— А они знают, что ты их спас?
— Наверное… А может быть, и не знают.
— А намекнуть ты им об этом можешь?
— Зачем? Это же опасно — и для меня, и для них.
— Почему? — Она приподнялась: локоть в подушке, ладошка поглаживает лоб Афанасия.
— Потому что они озлобятся, когда узнают, что вынес я все допросы и ни одной фамилии не вписано было в протокол.
— Озлобятся?
— Конечно. Кому хочется знать, что жизнь твоя спасена человеком, которого ты же и оклеветал. Я о себе такого прочитал… И под всеми глупостями и мерзостями — подписи боевых товарищей… Тех, с кем тянул лямку.
— Но не они же обвинили тебя в измене Родине?

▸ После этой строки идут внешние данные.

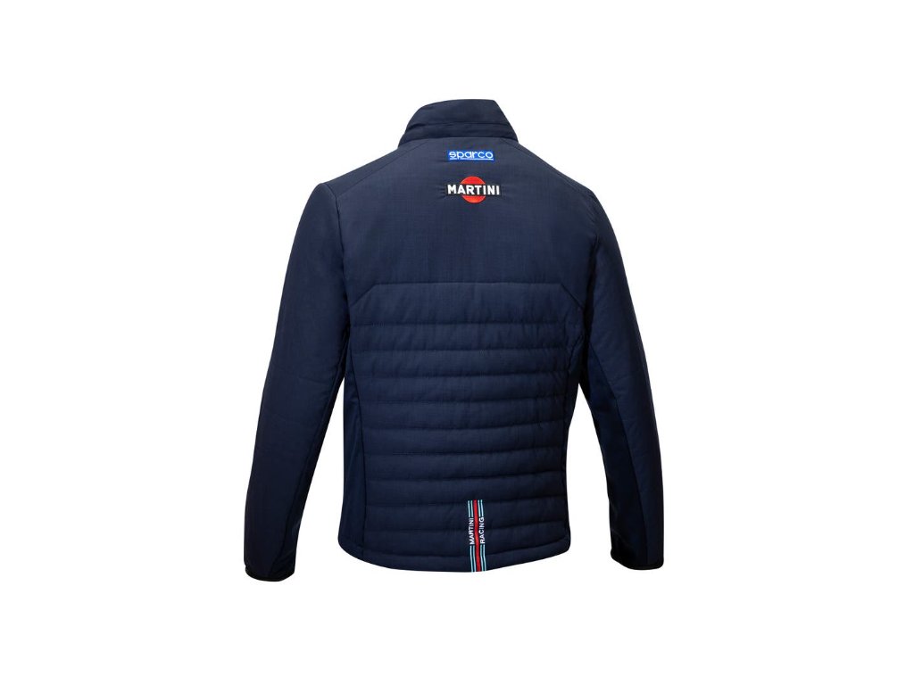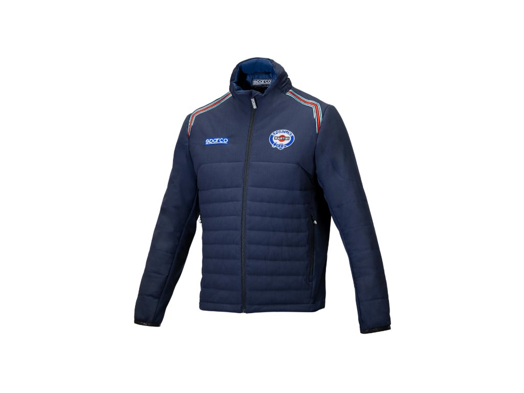 Bunda z technického materiálu s vyšívanými logy Sparco a MARTINI RACING. Vnější materiál: 100% polyester OPACO s TPU membránou (voděodolná úprava), 110 g/m². Boční panely z pleteného softshellu, TPU membrána ve střední vrstvě, 240 g/m².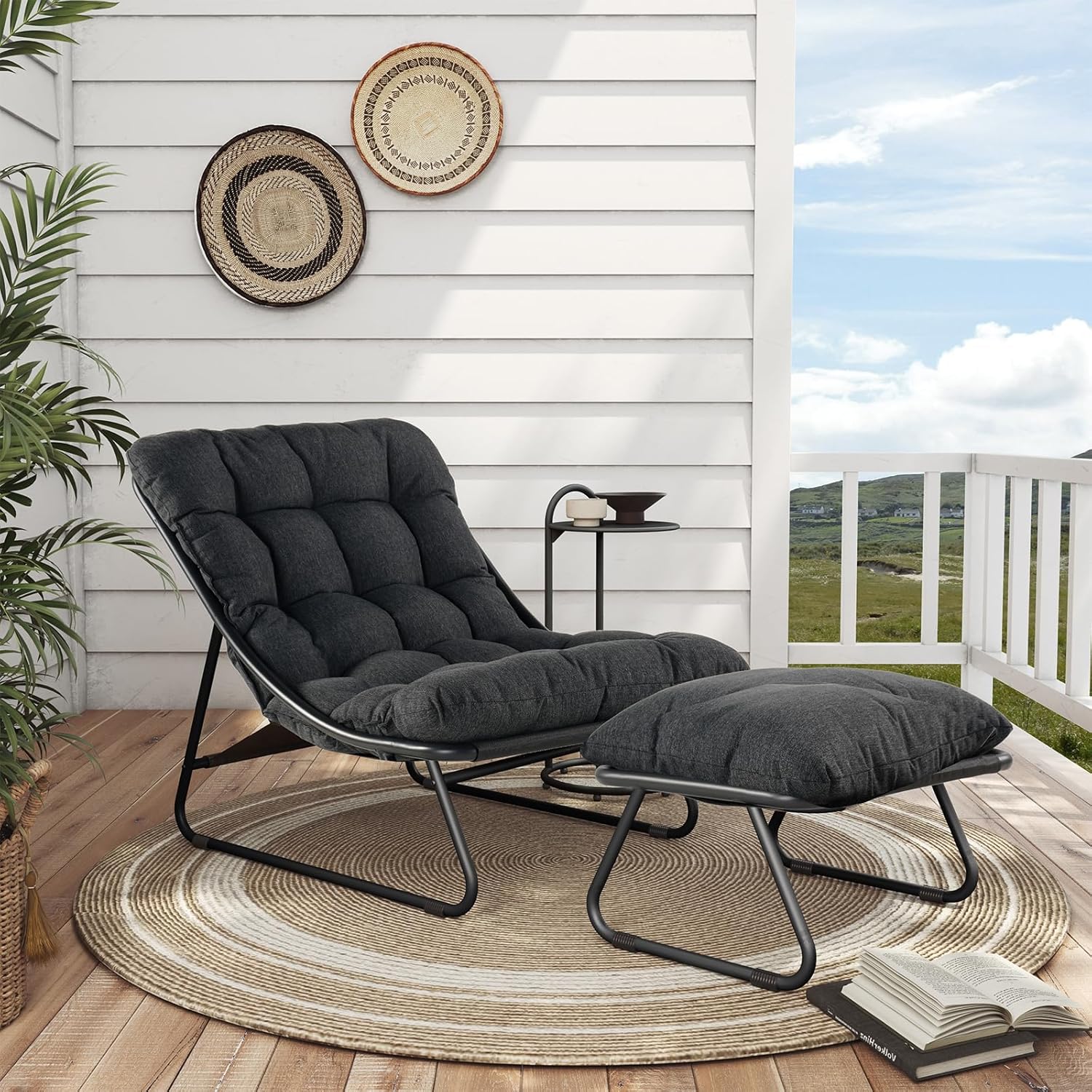 MULTI-PURPOSE OTTOMAN: The patio recliner chair with footstool can make you sit or lay freely, cozy up with a book in the sunroom, or take a nap in the afternoon. The large ottoman with cushion can support your feet, relax your body, and serve as an extra seat. Practical and ingenious design adds more flexibility and comfort to your home space.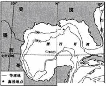 2010年4月20日,位于墨西哥湾的一座海上钻井平台起火,导致约1600米深处漏油,造成严重的海洋污染。由于天气恶劣等原因,虽然有关方面采取多种措施控制污染蔓延,但效果均不好。随即美国南部4州进入紧急状态,并宣布在该海域禁捕。有关专家还担心浮油可能“侵入”,甚王漂向欧洲沿海。图l8为墨西哥湾海域。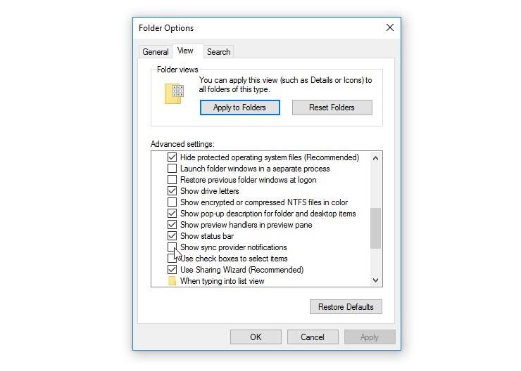 2. At the Folder Options, go to View tab > uncheck the "Show sync provider notifications" > click Ok to close the Folder Options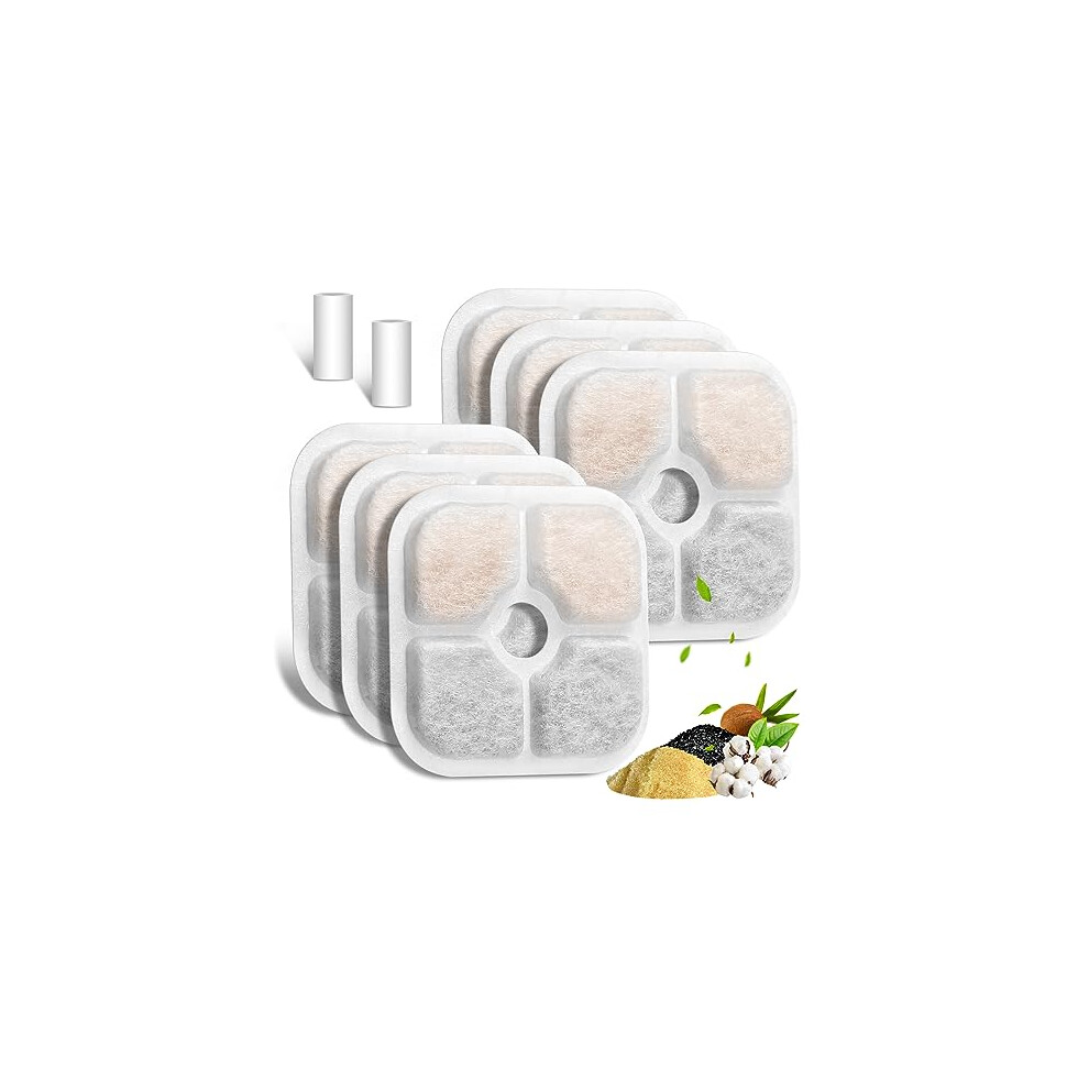 Cat Water Fountain Filters, 6 Pack Triple Action Water Fountain Filters, Replacement Cat Drinking Fountain Filters, Activated Carbon Filter Compatible with 3L Flower Pet Water Dispenser Fountain

— Это в воздухе носилось — измена эта. Все верили, что найдется смельчак, который захочет перебежать на сторону американцев. Война ведь шла, корейцы с корейцами, за одних мы, за других американцы.
Вот я однажды в перерыве офицерской учебы и провел указкой по карте, от полка до Корейского полуострова — вот, мол, каким путем пойдет полк выручать корейцев. А замполит стукнул: лейтенант Карасин замыслил увод полка в Корею и так далее… Не мог не стукнуть: в воздухе, повторяю, носилось.
— А ты бы и сам замполита обвинил в чем-либо. В воздухе, сам говоришь, носилось.
— Носилось-то носилось, да штука такая есть, регулятор исторических процессов, свободная человеческая воля, она равно обязывает и лгать, и говорить правду.
— Ты всех возненавидел?
— А никого. Все же сидели по начальственной дури. Ну, объявили бы по радио и газетами, что все блондины — враги. Или брюнеты. И легче бы стало блондинам или брюнетам.
Рука ее постепенно охладевала, становилась почти ледяной, потом кожа возгоралась, затем жар сменялся холодом… Овешникова раскачивала температуру своего тела, и Афанасий дышал с трудом, борясь с желанием, которому дано было удовлетвориться только тогда, когда Овешникова разожмет внутренние объятья.
О себе она говорила мало, но и недомолвок хватало для полной картины, и Афанасий жалел не эту, рядом лежавшую женщину, а девчушку-десятиклассницу, осознавшую непригожесть свою, не умевшую так представать перед мужскими глазами, чтоб те неотрывно следили за ее бедрами, руками, поворотами головы; тогда и научила Овешникова свое тело, сцепленное с мужским, тому, чего не найдешь ни в одном пособии по любви в постели. На заводе же пряталась, в спецовку рядясь, волосы, не потерявшие жгучести и пышности, скрывала косынкой и беретом, куртка и юбка — размером больше, чтоб ткань обвисала. В консерватории (она любила Гайдна, Баха, Берлиоза) на нее, с изыском одетую, но с налетом легкой распущенности, оглядывались в фойе; в гардеробе она торопливо совала руки в подставленные рукава пальто, стремительно увлекала Карасина за собой, шли по Герцена, оба улыбались, — так хорошо было им, так приятно!..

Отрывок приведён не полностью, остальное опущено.